(I)
“My right and left legs don’t match perfectly,”
So begins a long list counting the ways in which I measure up short.
(II)
My teeth have been knocked crooked
by names I could never turn into songs,
notes that latched onto the tops of incisors as I tried to sing them into clef;
refusing to leave my mouth like they were dangling from a cliff,
digging everything in their hands into the edge;
clinging, struggling the earth into shift with their desire not to fall on deaf ears.
(III)
My spine was built with as much ‘slither’ as ‘stand-tall,’ and
when I try to be more of the latter,
my ribs and vertebrae turn to a Venice Beach drum circle
before realizing they lost their song during years they spent slouched.
I am afraid of what I look like with good posture.
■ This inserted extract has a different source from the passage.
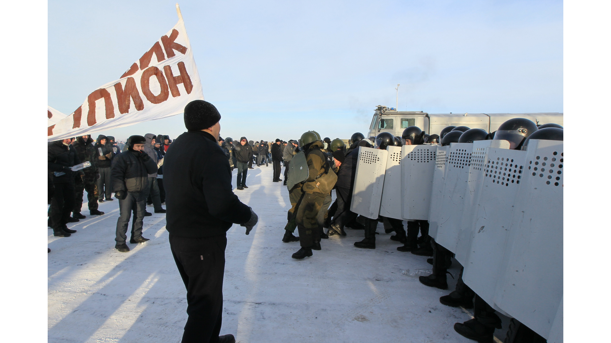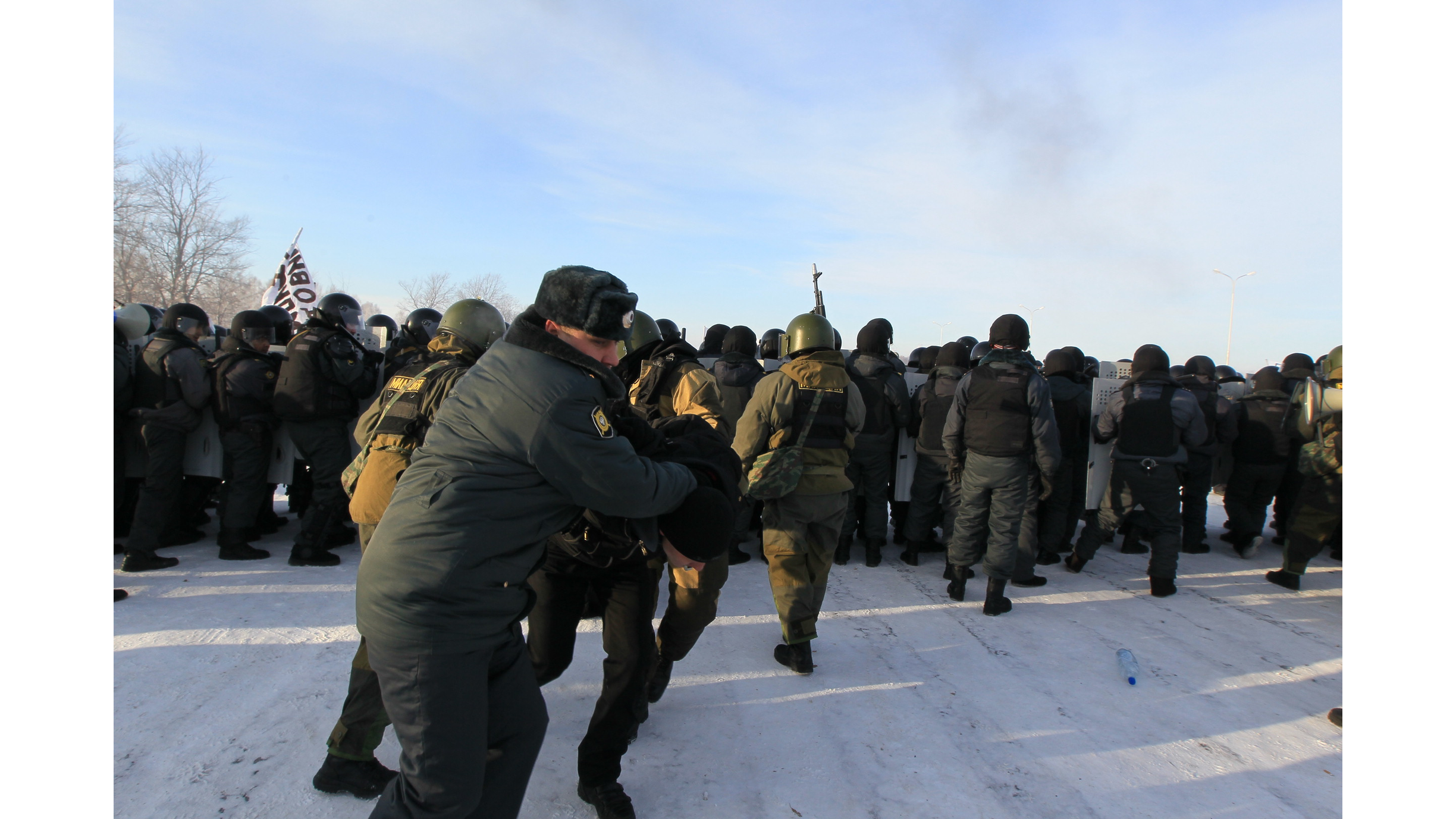 Под Уфой на морозе ОМОН разгонял футбольных фанатов

I am afraid that if I stand up straight I might remind you of my father
or yours, because I have been slumping since I fell from his image to this place.
(IV)
If I speak to you with my chest held high, I am lying to you.
(V)
If I dare you to hit me, I am bluffing
(VI)
If I tell you I love you, I mean it,
but i have never learned to love properly,
so I can’t tell you what that will feel like.
I only know hard, fast, reckless, overwhelming, unrequested, unrequited.
The kind that perches above you just outside of your periphery; strikes without warning or probable cause, and often without justification.
The kind of love that is always lonely.
that you wish had just stayed likes and smiles and winks and light,
it grows up and reminds you of the fact that thunder is indicative of electrocution.
The kind of love you wish would leave, because you didn’t invite it over and are too nice to keep your door dead-bolted;
not built for newcomers, who might give it up entirely because of one bad trip like: “If that’s what it is, then I’m just going to buy a puppy.”
(VII)
I’ve never felt like I knew God, or even that God was knowable to me,
but still I searched for him in the backs of mouths, and crooks of necks, and the places where wings would attach to rib cages…
In the smalls of backs, and in the soft flesh between inner thigh and altar.
I wrote one hundred prayers before I realized I was writing love poems for you.
So I stopped writing prayers and started drawing your picture.
And I stopped asking God for help.
This probably should have topped the list, though.